No official statements yet. Just wild rumours.


----------



## Flash (Sep 3, 2012)

Jordan Mechner (_Screenwriter and creator of Prince of Persia_) confirms that this is not *POP*.

*twitter.com/jmechner/status/237291802795843584

Maybe, some new IP that Ubisoft is trying!


----------



## Knightlover (Sep 3, 2012)

This thread is filled with racist idiots.Why cant you accept him as price because he is black.


----------



## abhidev (Sep 3, 2012)

Gearbox said:


> Jordan Mechner (_Screenwriter and creator of Prince of Persia_) confirms that this is not *POP*.
> 
> *twitter.com/jmechner/status/237291802795843584
> 
> Maybe, some new IP that Ubisoft is trying!



Check the last link in the twitter feed you provided....another rumor though....AC-Egypt 

*www.cinemablend.com/images/sections/24965/Assassin_s_Creed_Egypt_24965.jpg

looks fan made artwork....


----------



## Flash (Sep 3, 2012)

abhidev said:


> Check the last link in the twitter feed you provided....another rumor though....AC-Egypt
> 
> looks fan made artwork....



AC-Egypt may be a rumor for sure. 
But, Mechner atleast confirmed that those screenshots are not POP.


----------



## Flash (Apr 23, 2014)

So, it's time to revive this thread.. 

*cdn2.ubergizmo.com/wp-content/uploads/2014/04/RpqLCZd.jpg
[h=1]Ubisoft Employee Teases New Prince Of Persia Game[/h]


----------



## Faun (Apr 23, 2014)

^^Where is the warrior within prince ? 

Waiting for the new game. I liked the music of 2008 game with elika. And the humor was spot on with the personality. Never finished the game though.


----------



## abhidev (Apr 23, 2014)

the combat system in WW and 2 Thrones was superb...those acrobatic moves were simply awesome...and the story was good too along with the music...I hope the new one isn't a AC clone :/


----------



## sakthibruce (Apr 23, 2014)

Wow this is great.


----------



## tkin (Apr 23, 2014)

They should continue with the 2008 storyline.


----------



## Flash (Apr 23, 2014)

Twitter comment of the ubisoft employee is taken back. That's definitely means ubisoft is cooking something's under its hood for POP..


----------



## Flash (Apr 23, 2014)

tkin said:


> They should continue with the 2008 storyline.

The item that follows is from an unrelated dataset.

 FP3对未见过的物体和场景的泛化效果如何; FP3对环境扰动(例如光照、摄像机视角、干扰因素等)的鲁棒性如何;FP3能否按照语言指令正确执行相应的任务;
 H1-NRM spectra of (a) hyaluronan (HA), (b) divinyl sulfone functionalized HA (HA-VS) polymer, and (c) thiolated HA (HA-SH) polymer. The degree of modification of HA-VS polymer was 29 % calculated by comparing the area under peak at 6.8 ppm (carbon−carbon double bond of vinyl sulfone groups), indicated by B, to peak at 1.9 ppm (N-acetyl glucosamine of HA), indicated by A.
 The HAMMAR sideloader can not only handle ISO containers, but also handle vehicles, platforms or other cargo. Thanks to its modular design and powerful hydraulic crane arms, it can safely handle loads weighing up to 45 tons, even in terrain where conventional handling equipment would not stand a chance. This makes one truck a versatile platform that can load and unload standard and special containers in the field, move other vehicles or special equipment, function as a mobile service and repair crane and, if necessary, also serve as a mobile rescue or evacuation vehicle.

Witty dialogues and cell shaded animation is what POP 2008, is best known for.


----------



## HE-MAN (Apr 23, 2014)

next pop is gonna be 2d side scroll like rayman is using ubiart framework


----------



## Desmond (Apr 23, 2014)

Faun said:


> ^^Where is the warrior within prince ?
> 
> Waiting for the new game. I liked the music of 2008 game with elika. And the humor was spot on with the personality. Never finished the game though.



The prince in Warrior Within is the same prince as in The Sands Of Time and The Two Thrones.

- - - Updated - - -



tkin said:


> They should continue with the 2008 storyline.



Oh God no....

I will settle for a reboot than that crap.


----------



## Flash (Apr 23, 2014)

HE-MAN said:


> next pop is gonna be 2d side scroll like rayman is using ubiart framework


No. It said they're going to use the engine which powers the Rayman in the upcoming POP.


----------



## Faun (Apr 24, 2014)

DeSmOnD dAvId said:


> The prince in Warrior Within is the same prince as in The Sands Of Time and The Two Thrones.

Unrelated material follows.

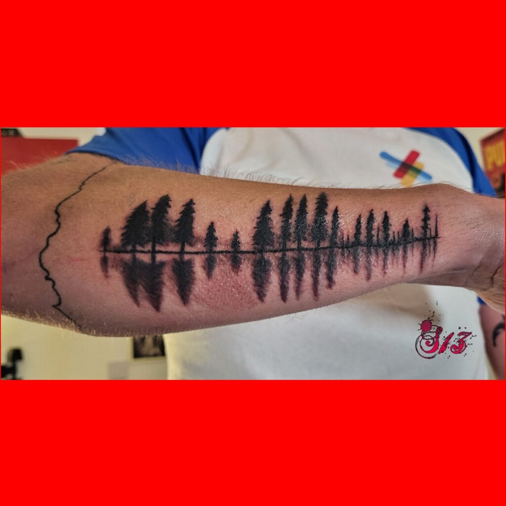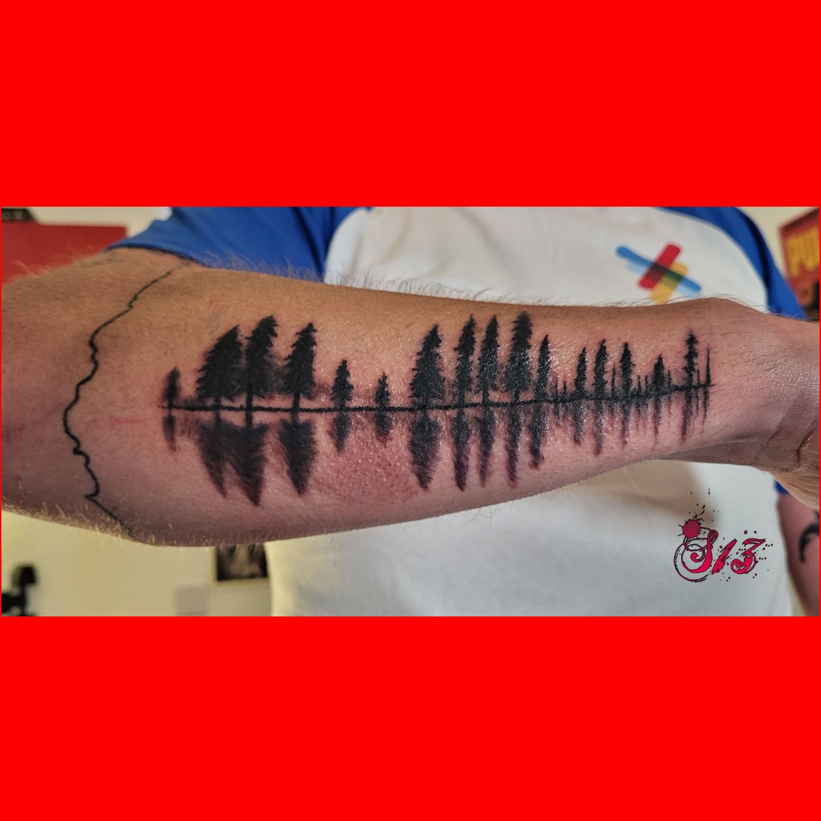 This striking tattoo depicts a line of trees mirrored in water, creating a serene reflection effect across the forearm. The ink work emphasizes symmetry, making the design appear balanced and calming. The way the trees extend both above and below the line gives it a dreamlike, almost meditative feel.
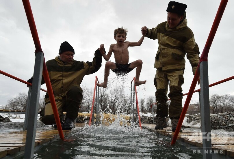 【1月21日 AFP】ロシアやセルビア、中央アジアのキルギスなど各地で19日、キリストの誕生を祝う公現祭(Epiphany)が行われ、氷のように冷たい川や湖に入る信者たちの姿が見られた。正教会の聖職者が川や湖に投げ入れた十字架を手にした人は、その1年を健康に過ごせると言い伝えられている。(c)AFP

He is a completely different person by personality. And why the prince from  movie when it's the talk about game.


----------



## Desmond (Apr 24, 2014)

Faun said:


> He is a completely different person by personality. And why the prince from  movie when it's the talk about game.



They f***ed up I guess.

Also, TSOT, WW and TTT were part of a trilogy with the same prince. The other Prince (2008) was a reboot with a different prince.


----------



## gameranand (Apr 24, 2014)

DeSmOnD dAvId said:


> They f***ed up I guess.
> 
> Also, TSOT, WW and TTT were part of a trilogy with the same prince. The other Prince (2008) was a reboot with a different prince.



The story suggested that it was the same Prince. There were several mentions about Castle and all.


----------



## Desmond (Apr 24, 2014)

gameranand said:


> The story suggested that it was the same Prince. There were several mentions about Castle and all.

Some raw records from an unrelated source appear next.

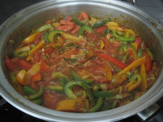 Într-o tigaie, căliţi în ulei prazul, ceapa şi usturoiul până când se înmoaie. Adăugaţi ardeiul tăiat în feliuţe, apoi rosiile tăiate sau din conservă. Le lăsaţi să fiarbă câteva minute, după care le turnaţi într-o oală care se poate pune la cuptor.
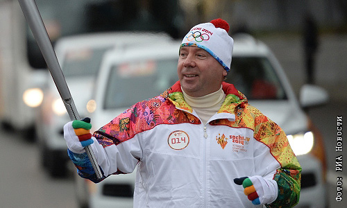 Управляющий делами президента РФ Владимир Кожин во время эстафеты Олимпийского огня в Москве.
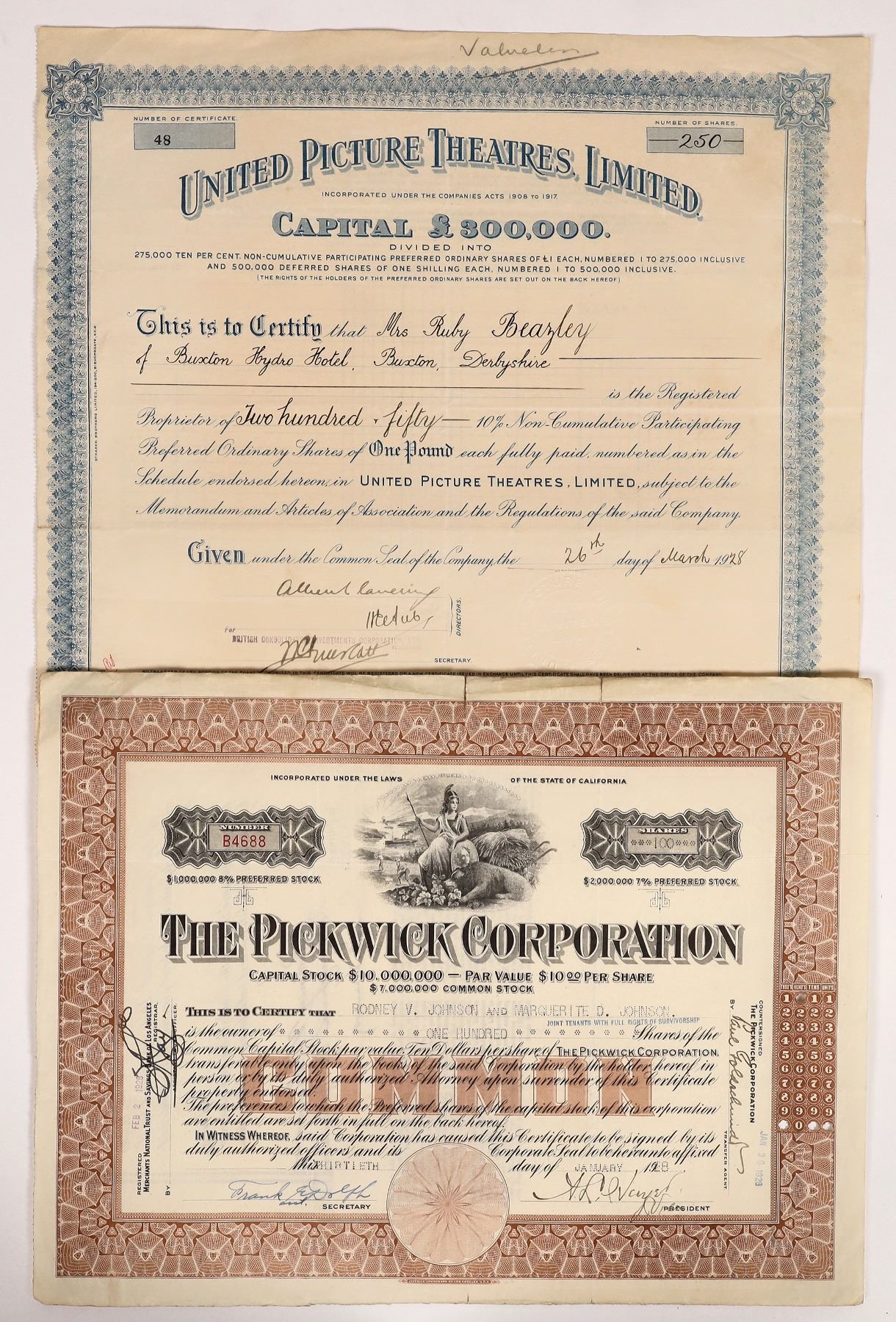 Lot of 2 different. 1) United Picture Theatres, Limited. Issued in 1928 for 500 shares to Ruby Beazley. Signed by two directors and one secretary. Not cancelled. Blue border and print. Folds, creases. 11 x 12" Operated multiple theaters in London. 2) The Pickwick Corporation. Inc. in California. Issued for 10 0shares in 1928. Signed by the vice president and asst. secretary. Not cancelled. Brown border, black print, California-themed allegorical vignette with woman and bear. Folds, creases, some separation along folds. 9.5 x 12" The company was named for its office location, the 1904 San Diego Pickwick Theater, built by Louis J. Wilde, primarily for vaudeville but converted to movies in 1922 and demolished in 1926. Operated Pickwick Broadcasting, Pickwick Hotels, Pickwick Stage Lines, and more.
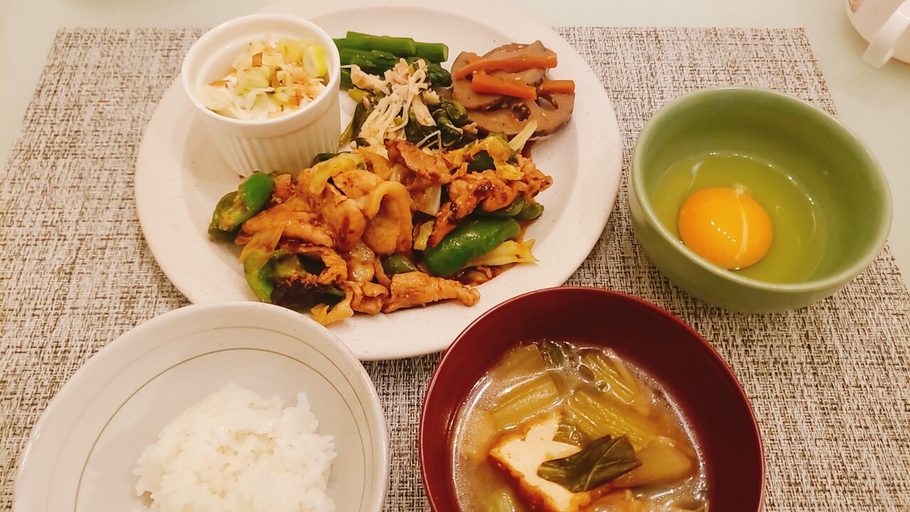 (ぐっさんのCM見てから回鍋肉は生卵につけて食べる派。付け合わせは全部作り置き)
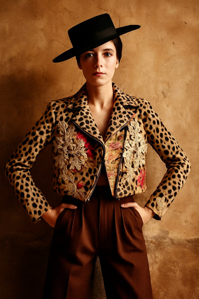 Fulcrum, leopard print long sleeve biker jacket with origin lace and embroidery
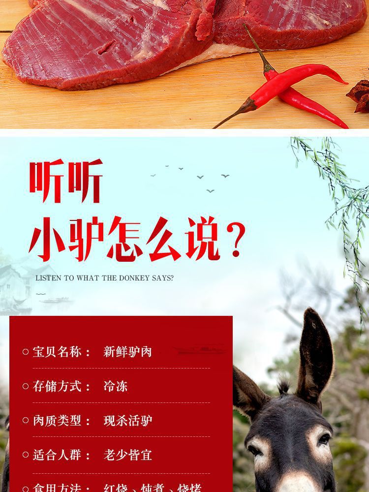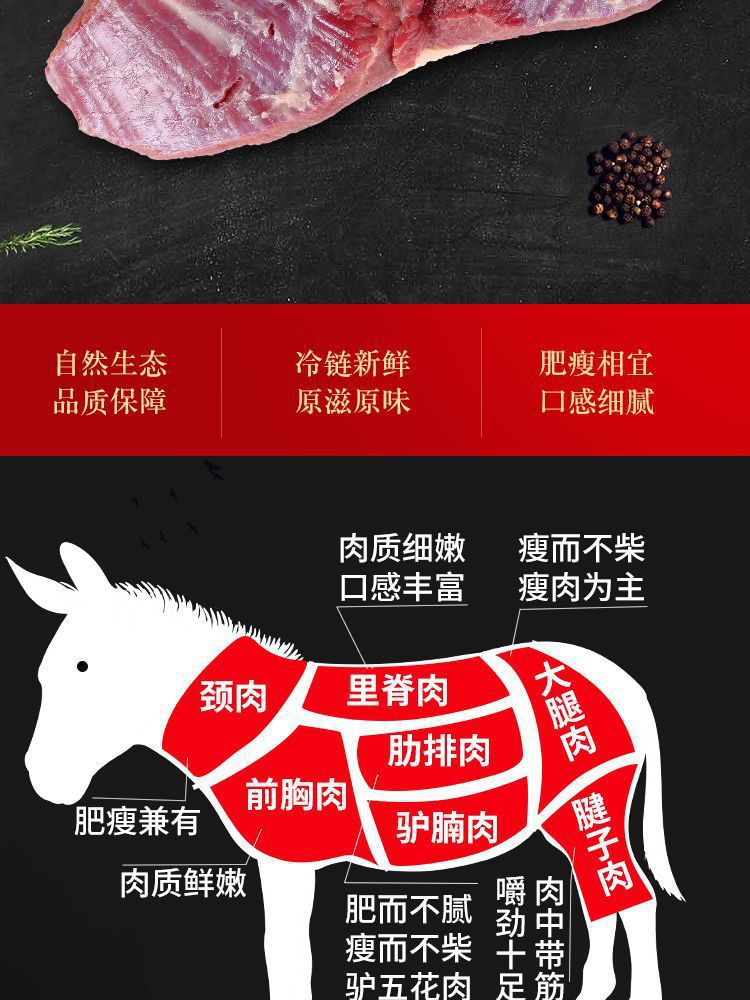 Свежезабитое мясо осла, сырое мясо осла, фермерское, свободно выгуливающееся, большие куски, вакуумная упаковка, настоящее мясо осла, свежее, оптовая продажа

It became clear in the first few minutes of the 2008 game when the prince is calling "Farrah", whom we think is the princess, but he later says that it is actually his donkey.


----------



## Flash (Apr 24, 2014)

^ Prince of 2008 is from parallel universe of POP franchise..


----------



## Desmond (Apr 24, 2014)

Flash said:


> ^ Prince of 2008 is from parallel universe of POP franchise..



Therefore effectively a reboot.


----------



## HE-MAN (Apr 24, 2014)

Flash said:


> No. It said they're going to use the engine which powers the Rayman in the upcoming POP.



rayman uses ubiart framework and thats what i said


----------



## Desmond (Apr 24, 2014)

HE-MAN said:


> rayman uses ubiart framework and thats what i said



So its going to be a side scroller? Like the original Prince Of Persia?


----------



## HE-MAN (Apr 25, 2014)

DeSmOnD dAvId said:


> So its going to be a side scroller? Like the original Prince Of Persia?



might be


----------



## Desmond (Aug 17, 2017)

Looks like the original pic proved to be the new Assassin's Creed game.


----------



## Flash (Aug 17, 2017)

I guess PoP series is gone for good! It's a shame that Ubisoft forgot the precursor of Assassin's creed series.


----------



## Desmond (Aug 17, 2017)

I doubt kids these days will even know what POP is.


----------



## gameranand (Aug 18, 2017)

Flash said:


> I guess PoP series is gone for good! It's a shame that Ubisoft forgot the precursor of Assassin's creed series.


Its good that way. Milking a series is bad, see AC series for example. Earlier games were very nice, now they have turned in crap pile.


----------



## Zangetsu (Jun 10, 2020)

Got this old thread to post into.

This video of POP looks 1000 times better than the original POP games.


----------



## Desmond (Jun 11, 2020)

What is this a fan made video or is it a trailer for an upcoming game?


----------



## Zangetsu (Jun 11, 2020)

Not sure if Fan made. But many says its the leaked gameplay trailer of POP in 2011


----------



## Faun (Jun 15, 2020)

This is not going to happen. It was a work in progress but since then Assassin Creed has been in focus.


----------



## Desmond (Jun 15, 2020)

IMO they should give Assassin's Creed a rest and revive Prince of Persia series. But I know that won't happen.


----------



## Zangetsu (Jun 16, 2020)

Ubisoft became popular due to POP and then they ditched the golden machine


----------